# Your goal
Extract only the lines from the start of the entries below to the line with "ציור דקורטיבי המתאר", inclusive; omit every picture.

Dataset records:
···
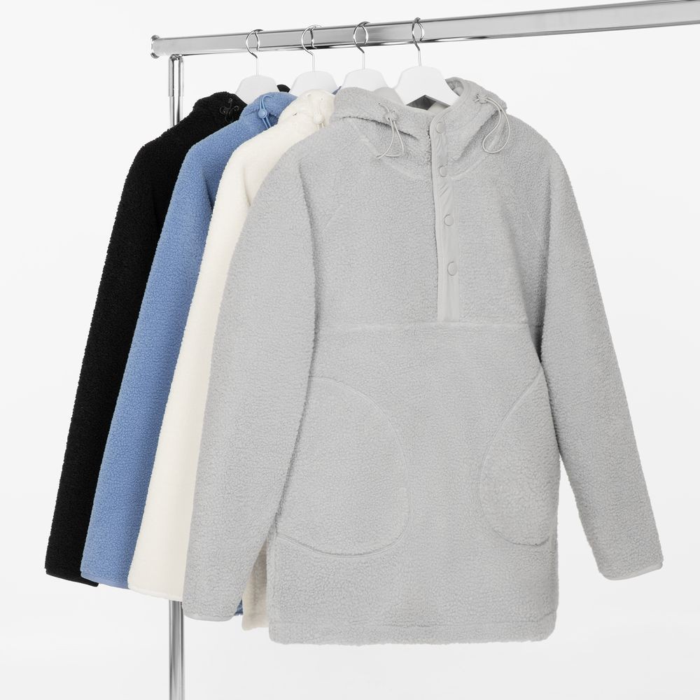 Анорак с капюшоном из современного двухслойного материала— искусственный мех снаружи, флис внутри.
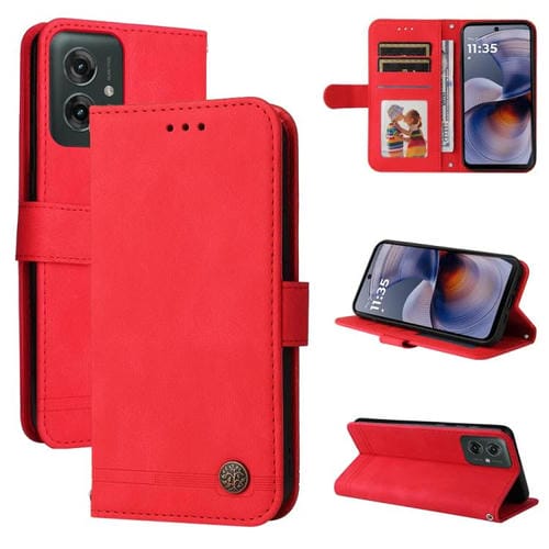 Funda de Cuero para Motorola Moto G55 con Botones de Metal y Diseño Árbol de la Vida (Rojo)
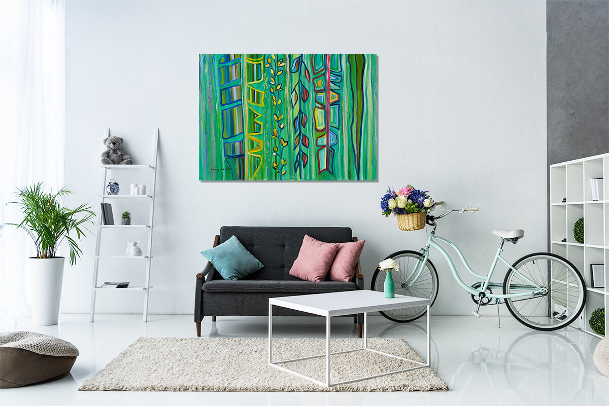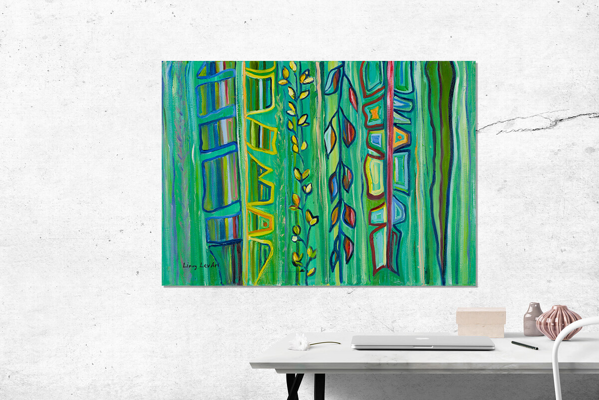 ציור דקורטיבי המתאר עלים וצמחים זה לצד זה עולים ויורדים לאורך רקע של פסים לאורך.
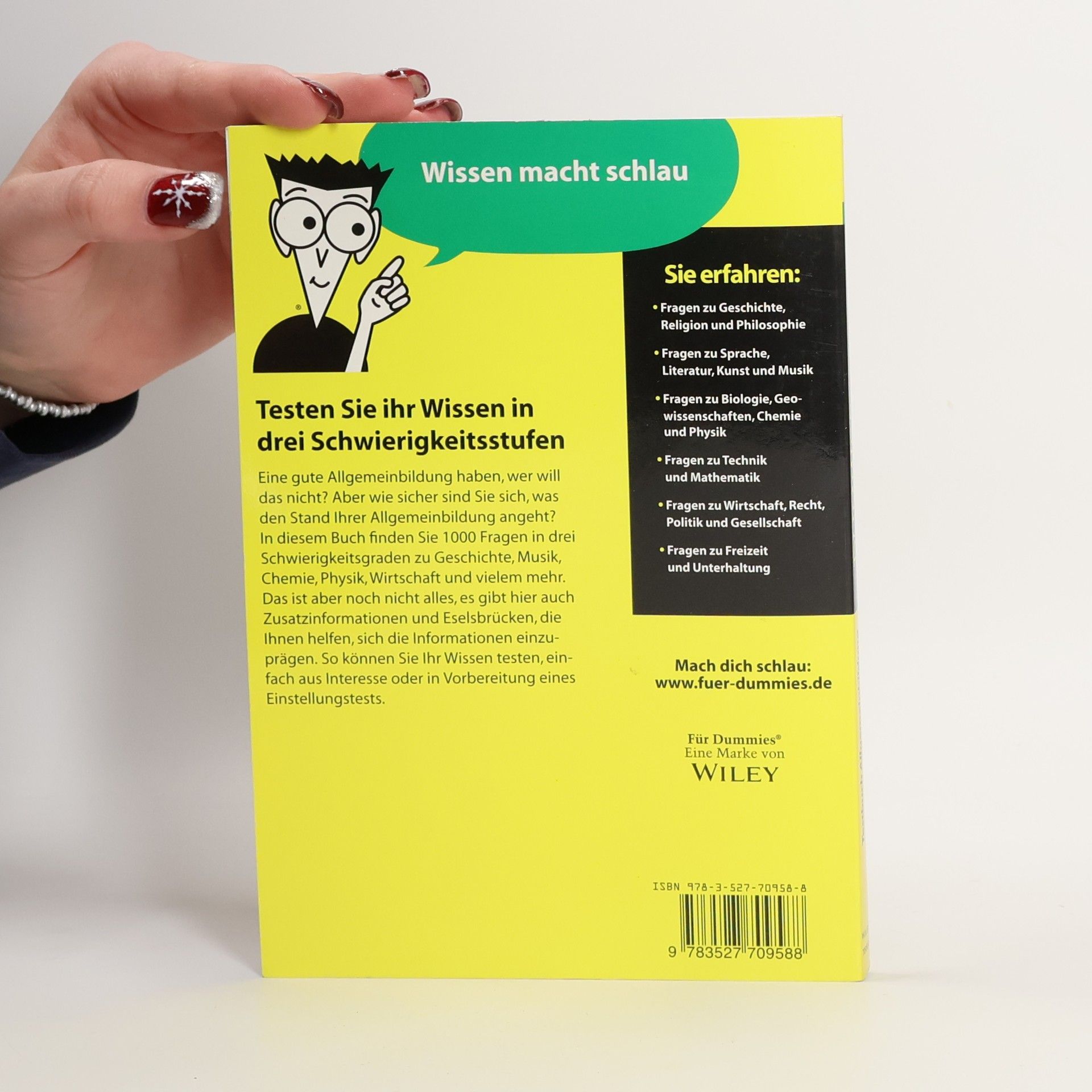 Eine gute Allgemeinbildung hat so Ihre Vorteile. Viele Menschen beurteilen im Privat- und im Berufsleben Menschen danach, was sie so von dem wissen, was sie wissen sollten. Dieses Buch hilft Ihnen, Ihr Wissen zu testen. So erfahren Sie, wie solide Ihr Wissen zu Geschichte, Literatur, Philosophie, Chemie, Biologie, Mathematik und vielen anderen Gebieten ist. Das Buch hilft Ihnen, wenn Sie Schwachstellen in Ihrer Bildung entdecken wollen oder auch einfach nur Spaß daran haben, sich selbst zu testen.
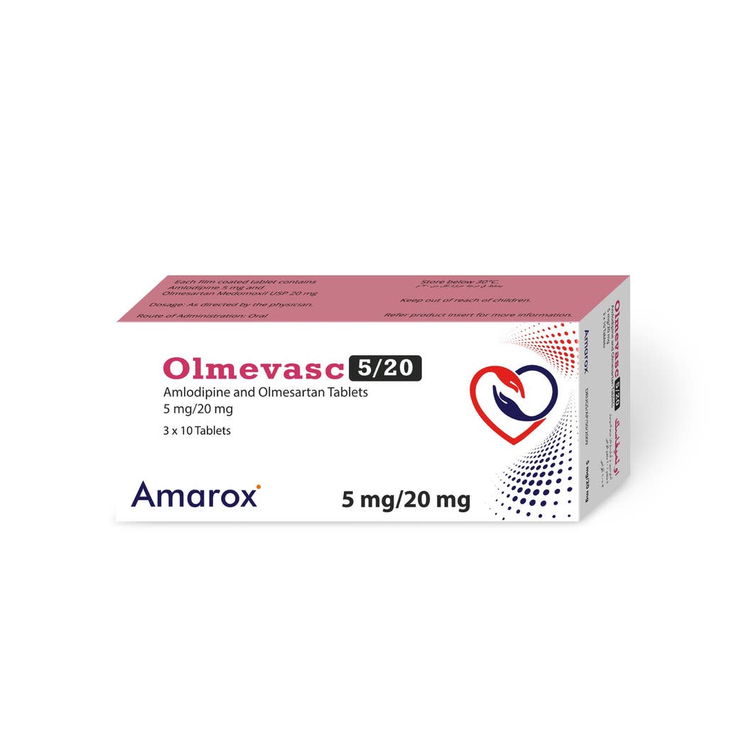 Olmevasc 5mg/20mg 30 Tablets هو دواء مركب يحتوي على مادتي Amlodipine (من حاصرات قنوات الكالسيوم) و Olmesartan (من مضادات مستقبلات الأنجيوتنسين II – ARBs). يعمل هذا الدمج الدوائي على خفض ضغط الدم المرتفع بآليتين متكاملتين؛ حيث يساعد Amlodipine على إرخاء الأوعية الدموية وتحسين تدفق الدم، بينما يقوم Olmesartan بمنع تأثير مادة الأنجيوتنسين II التي تسبب تضيق الأوعية الدموية. وبذلك يقلل Olmevasc من خطر الإصابة بالسكتة الدماغية، النوبات القلبية، والمضاعفات الكلوية الناتجة عن ارتفاع ضغط الدم المزمن.
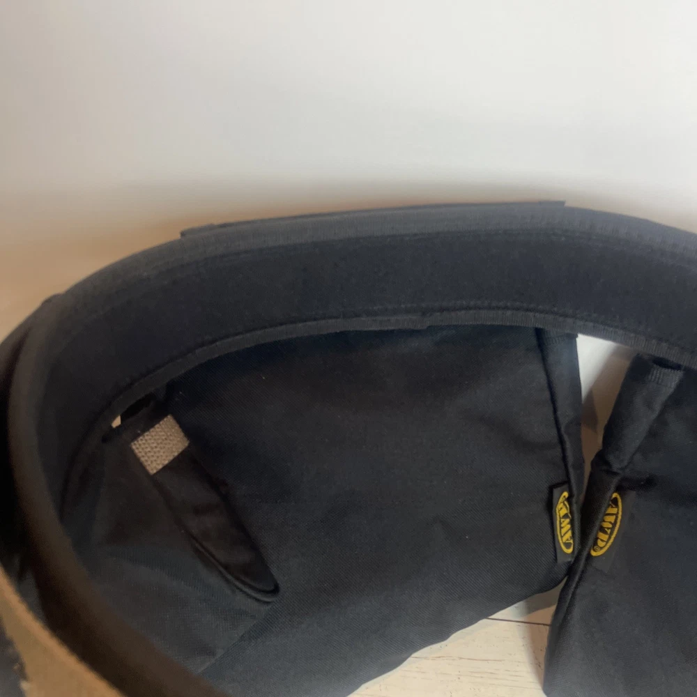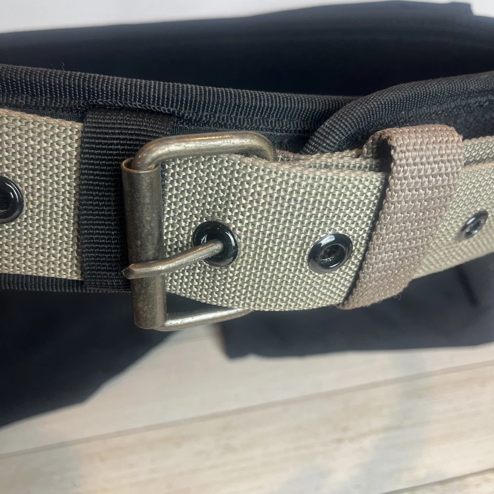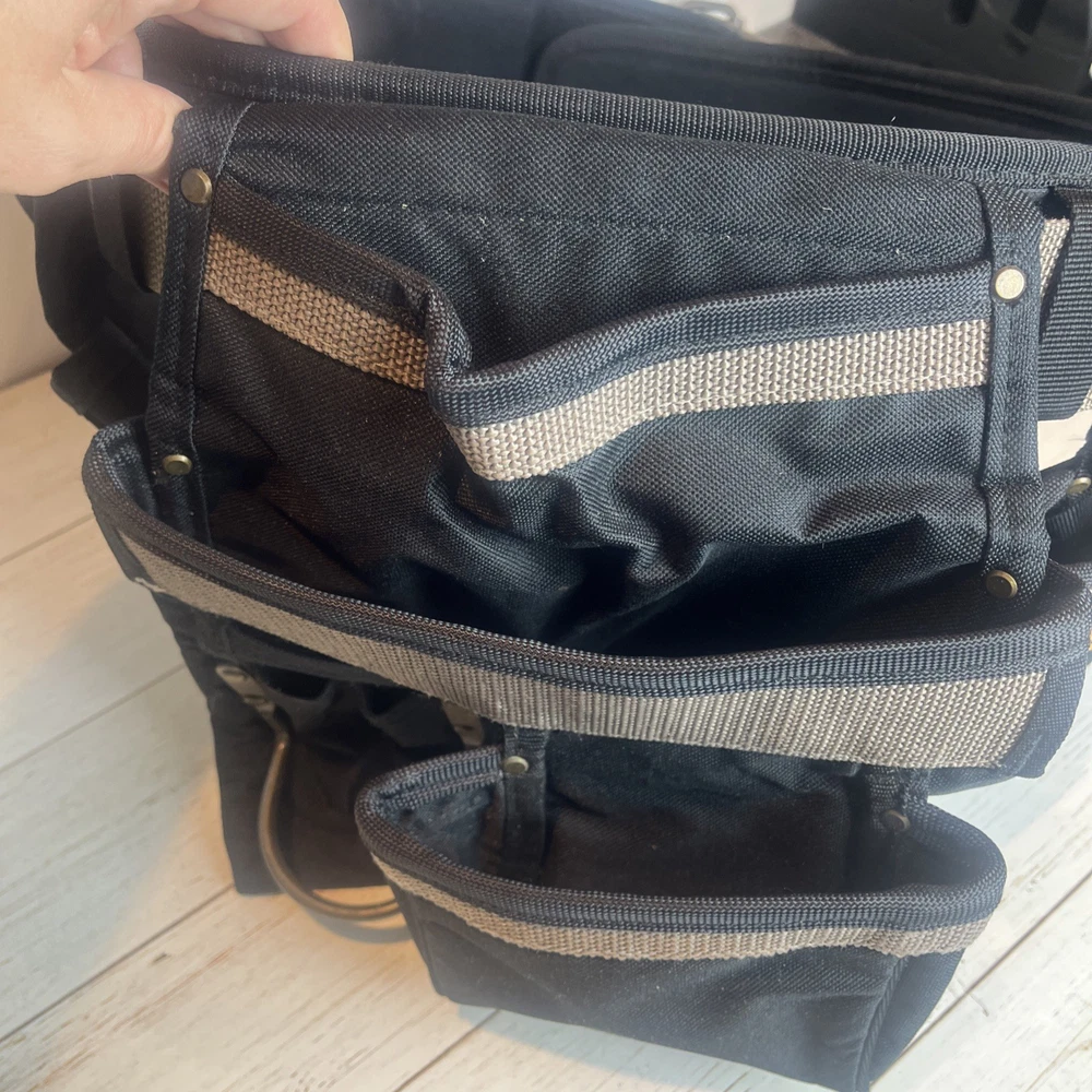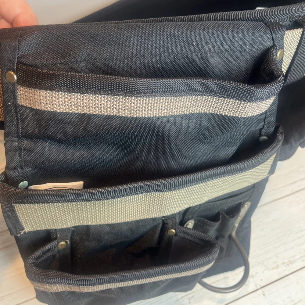 AWP General Construction Carpenter Tool Rig Padded Adjustable Tool Belt 44β This Carpenter tool rig was used briefly by my nephew until he was provided one from his solar installation job. It includes a nylon web belt that has grommets out to 49 inches but the interior hook and loop closure part of the belt probably expands comfortably to 44 inches to allow hook and loop overlap. Includes two large pouches with three pockets each, a hammer hanger, and two spaces for pencils or pens, and one all purpose, smaller pouch as shown. Pet and smoke free home
···
# Response box
 Анорак с капюшоном из современного двухслойного материала— искусственный мех снаружи, флис внутри.
 Funda de Cuero para Motorola Moto G55 con Botones de Metal y Diseño Árbol de la Vida (Rojo)
 ציור דקורטיבי המתאר עלים וצמחים זה לצד זה עולים ויורדים לאורך רקע של פסים לאורך.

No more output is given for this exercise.